YOUR GOAL
Please restate the listing word for word, omitting the images.

=== Begin Enclosure ===

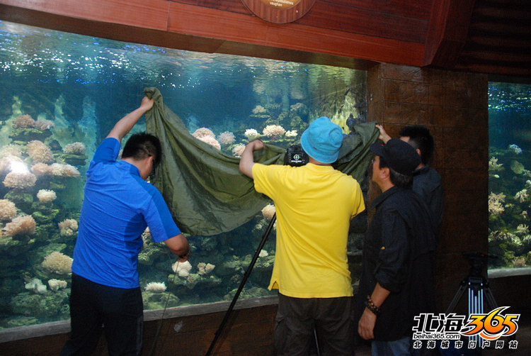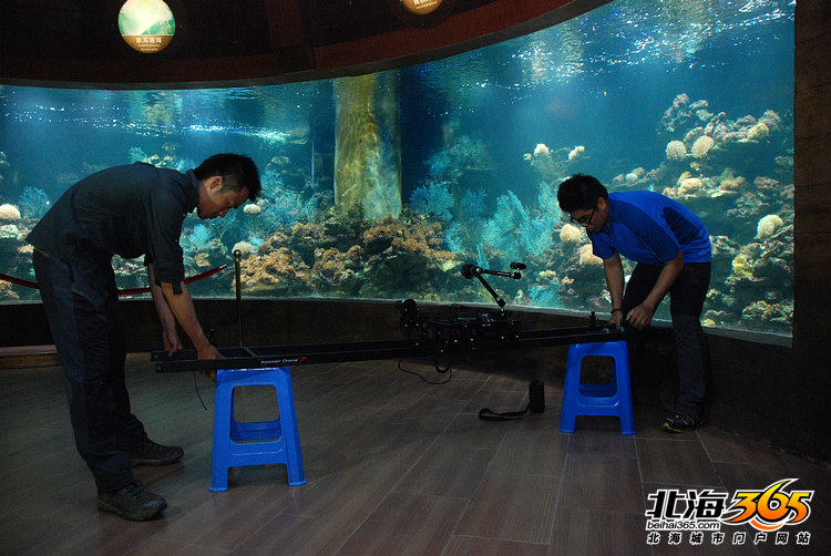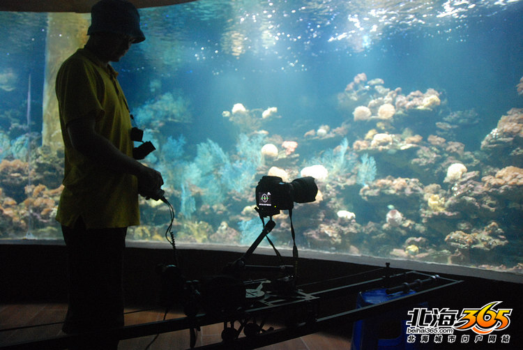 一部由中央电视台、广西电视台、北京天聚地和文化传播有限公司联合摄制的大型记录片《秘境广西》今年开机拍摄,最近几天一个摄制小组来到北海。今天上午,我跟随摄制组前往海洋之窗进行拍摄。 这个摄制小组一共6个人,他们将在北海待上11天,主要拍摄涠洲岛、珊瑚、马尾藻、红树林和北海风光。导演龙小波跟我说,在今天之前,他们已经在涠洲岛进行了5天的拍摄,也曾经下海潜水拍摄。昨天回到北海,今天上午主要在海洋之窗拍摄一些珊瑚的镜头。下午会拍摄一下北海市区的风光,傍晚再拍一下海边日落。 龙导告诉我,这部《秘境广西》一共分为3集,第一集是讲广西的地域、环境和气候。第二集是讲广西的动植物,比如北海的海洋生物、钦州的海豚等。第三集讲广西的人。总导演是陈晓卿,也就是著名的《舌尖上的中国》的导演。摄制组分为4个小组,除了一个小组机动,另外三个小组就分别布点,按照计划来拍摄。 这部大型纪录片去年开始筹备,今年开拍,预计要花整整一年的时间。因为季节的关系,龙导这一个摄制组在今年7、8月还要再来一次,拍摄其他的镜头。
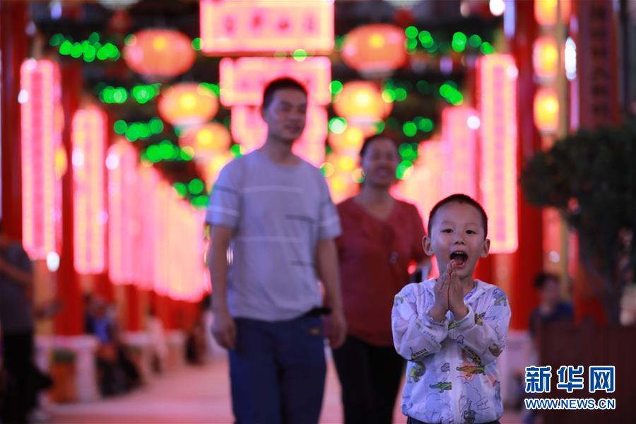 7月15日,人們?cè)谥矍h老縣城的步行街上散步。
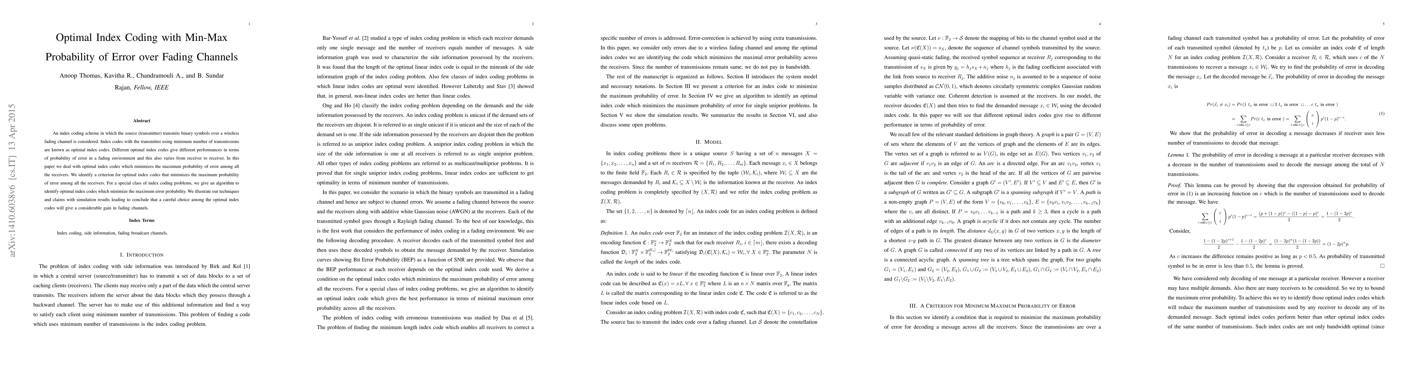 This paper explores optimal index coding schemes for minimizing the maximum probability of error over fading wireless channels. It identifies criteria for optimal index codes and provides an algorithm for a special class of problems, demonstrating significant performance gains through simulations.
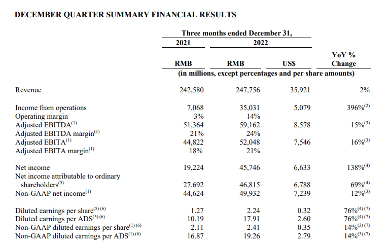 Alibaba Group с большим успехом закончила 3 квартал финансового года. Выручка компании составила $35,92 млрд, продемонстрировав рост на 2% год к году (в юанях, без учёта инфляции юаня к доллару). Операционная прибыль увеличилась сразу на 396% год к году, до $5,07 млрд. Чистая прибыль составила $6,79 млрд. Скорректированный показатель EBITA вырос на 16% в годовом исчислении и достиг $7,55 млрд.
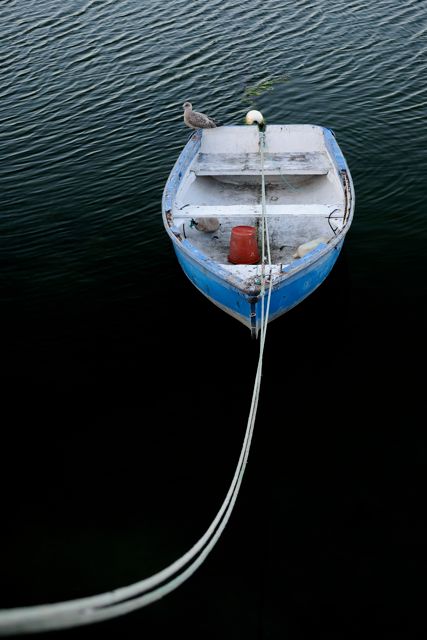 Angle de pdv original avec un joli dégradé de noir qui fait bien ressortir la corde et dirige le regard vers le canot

=== End Enclosure ===

TASK RESPONSE
 一部由中央电视台、广西电视台、北京天聚地和文化传播有限公司联合摄制的大型记录片《秘境广西》今年开机拍摄,最近几天一个摄制小组来到北海。今天上午,我跟随摄制组前往海洋之窗进行拍摄。 这个摄制小组一共6个人,他们将在北海待上11天,主要拍摄涠洲岛、珊瑚、马尾藻、红树林和北海风光。导演龙小波跟我说,在今天之前,他们已经在涠洲岛进行了5天的拍摄,也曾经下海潜水拍摄。昨天回到北海,今天上午主要在海洋之窗拍摄一些珊瑚的镜头。下午会拍摄一下北海市区的风光,傍晚再拍一下海边日落。 龙导告诉我,这部《秘境广西》一共分为3集,第一集是讲广西的地域、环境和气候。第二集是讲广西的动植物,比如北海的海洋生物、钦州的海豚等。第三集讲广西的人。总导演是陈晓卿,也就是著名的《舌尖上的中国》的导演。摄制组分为4个小组,除了一个小组机动,另外三个小组就分别布点,按照计划来拍摄。 这部大型纪录片去年开始筹备,今年开拍,预计要花整整一年的时间。因为季节的关系,龙导这一个摄制组在今年7、8月还要再来一次,拍摄其他的镜头。
 7月15日,人們?cè)谥矍h老縣城的步行街上散步。
 This paper explores optimal index coding schemes for minimizing the maximum probability of error over fading wireless channels. It identifies criteria for optimal index codes and provides an algorithm for a special class of problems, demonstrating significant performance gains through simulations.
 Alibaba Group с большим успехом закончила 3 квартал финансового года. Выручка компании составила $35,92 млрд, продемонстрировав рост на 2% год к году (в юанях, без учёта инфляции юаня к доллару). Операционная прибыль увеличилась сразу на 396% год к году, до $5,07 млрд. Чистая прибыль составила $6,79 млрд. Скорректированный показатель EBITA вырос на 16% в годовом исчислении и достиг $7,55 млрд.
 Angle de pdv original avec un joli dégradé de noir qui fait bien ressortir la corde et dirige le regard vers le canot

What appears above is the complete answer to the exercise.